[Data excerpts]
▽
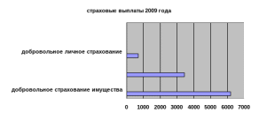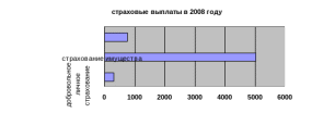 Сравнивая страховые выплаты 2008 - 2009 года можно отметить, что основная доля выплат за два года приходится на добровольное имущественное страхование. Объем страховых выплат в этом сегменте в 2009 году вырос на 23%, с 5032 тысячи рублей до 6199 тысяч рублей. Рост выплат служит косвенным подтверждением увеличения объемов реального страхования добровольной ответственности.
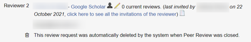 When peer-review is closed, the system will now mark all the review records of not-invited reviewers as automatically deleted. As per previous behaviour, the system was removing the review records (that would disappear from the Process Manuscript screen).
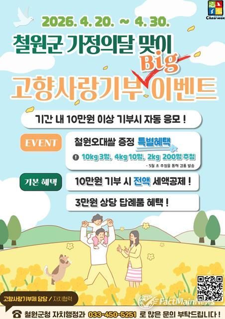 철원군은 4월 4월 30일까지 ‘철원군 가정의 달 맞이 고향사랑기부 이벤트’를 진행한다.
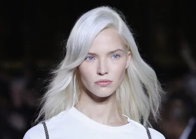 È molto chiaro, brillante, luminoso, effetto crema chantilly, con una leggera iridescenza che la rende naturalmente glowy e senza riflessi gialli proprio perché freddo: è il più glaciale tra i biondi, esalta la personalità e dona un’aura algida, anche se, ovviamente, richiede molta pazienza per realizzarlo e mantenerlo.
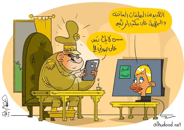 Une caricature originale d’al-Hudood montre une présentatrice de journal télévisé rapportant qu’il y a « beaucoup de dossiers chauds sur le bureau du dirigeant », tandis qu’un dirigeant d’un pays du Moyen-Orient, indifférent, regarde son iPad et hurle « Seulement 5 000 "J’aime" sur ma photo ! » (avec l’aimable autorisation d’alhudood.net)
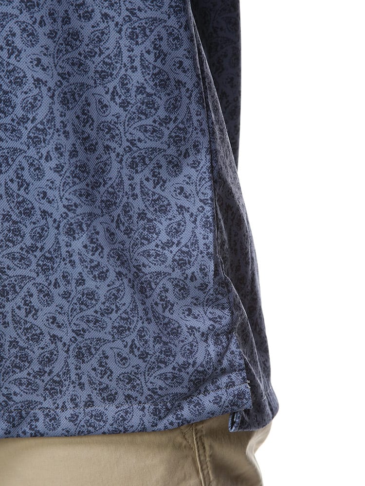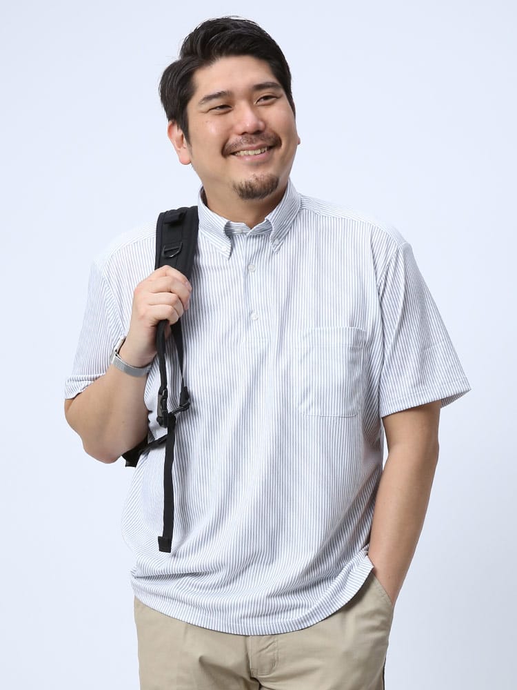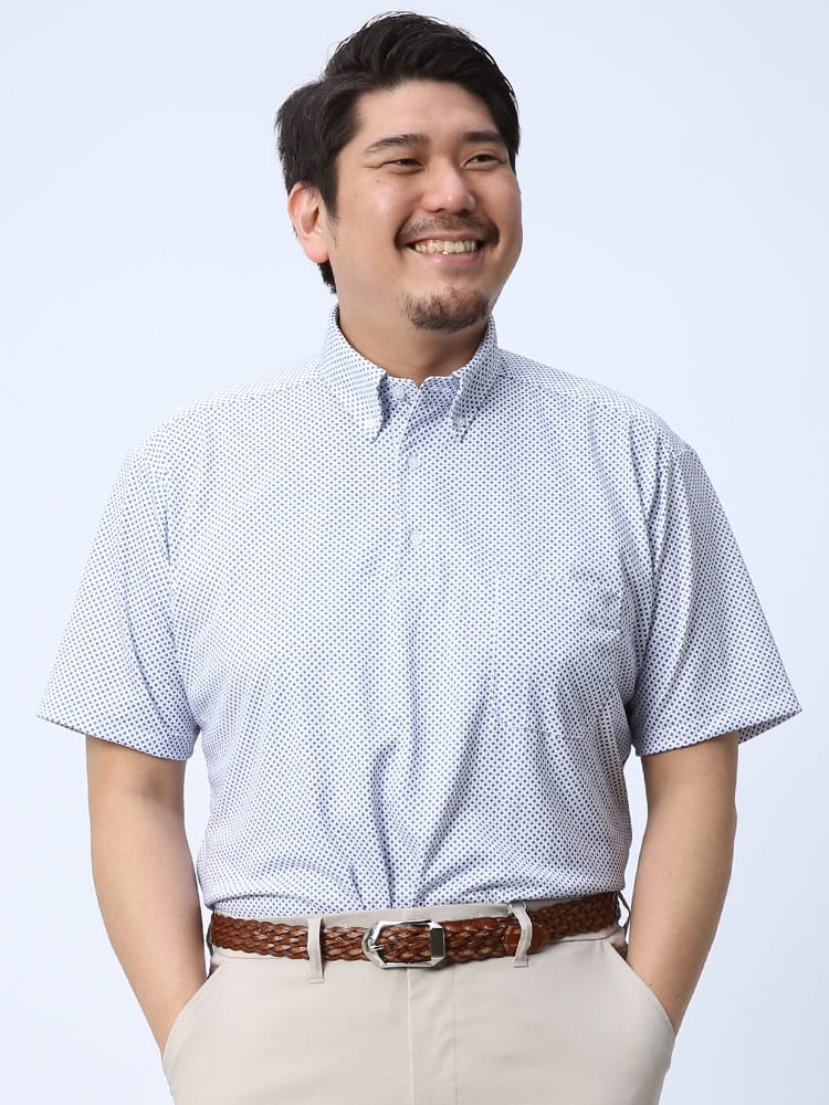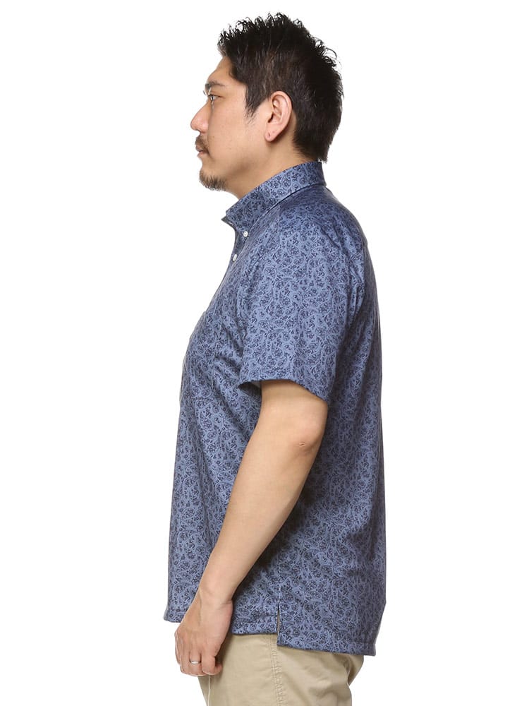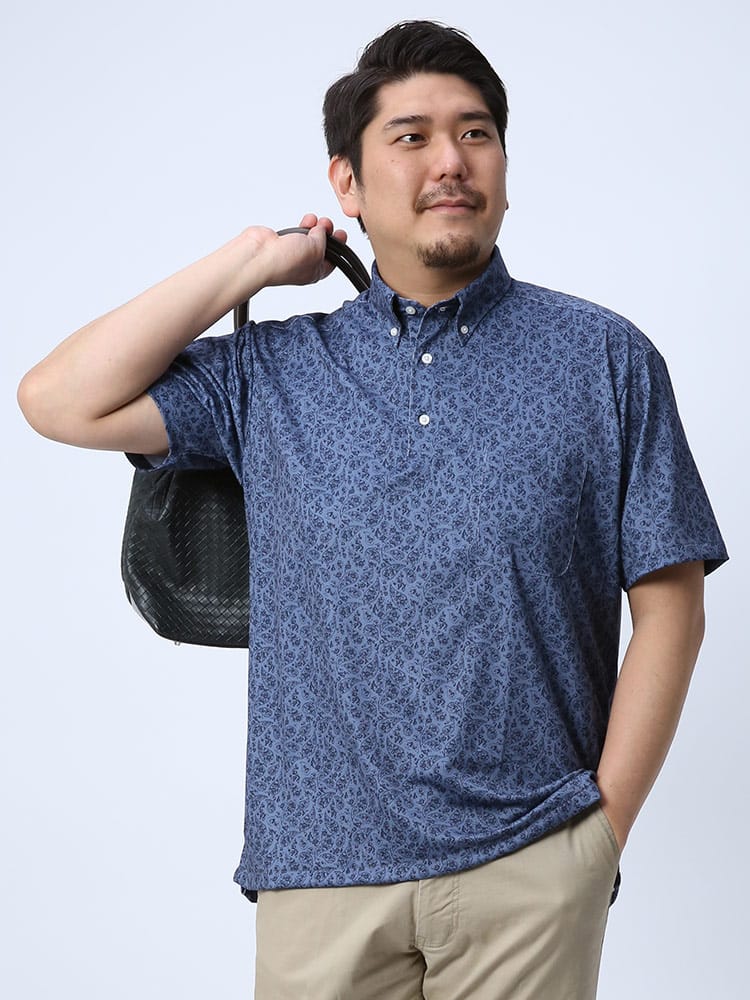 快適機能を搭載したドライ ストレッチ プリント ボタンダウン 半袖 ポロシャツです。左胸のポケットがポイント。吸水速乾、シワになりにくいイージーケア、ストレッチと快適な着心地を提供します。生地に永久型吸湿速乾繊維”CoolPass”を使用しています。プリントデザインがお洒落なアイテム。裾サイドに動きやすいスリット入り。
△
** Exercise **
Beginning with the first line of the records and ending with the line that contains "È molto chiaro, brillante, luminoso, effetto", reproduce every line exactly, omitting pictures and adding nothing.

** Solution to this task **
 Сравнивая страховые выплаты 2008 - 2009 года можно отметить, что основная доля выплат за два года приходится на добровольное имущественное страхование. Объем страховых выплат в этом сегменте в 2009 году вырос на 23%, с 5032 тысячи рублей до 6199 тысяч рублей. Рост выплат служит косвенным подтверждением увеличения объемов реального страхования добровольной ответственности.
 When peer-review is closed, the system will now mark all the review records of not-invited reviewers as automatically deleted. As per previous behaviour, the system was removing the review records (that would disappear from the Process Manuscript screen).
 철원군은 4월 4월 30일까지 ‘철원군 가정의 달 맞이 고향사랑기부 이벤트’를 진행한다.
 È molto chiaro, brillante, luminoso, effetto crema chantilly, con una leggera iridescenza che la rende naturalmente glowy e senza riflessi gialli proprio perché freddo: è il più glaciale tra i biondi, esalta la personalità e dona un’aura algida, anche se, ovviamente, richiede molta pazienza per realizzarlo e mantenerlo.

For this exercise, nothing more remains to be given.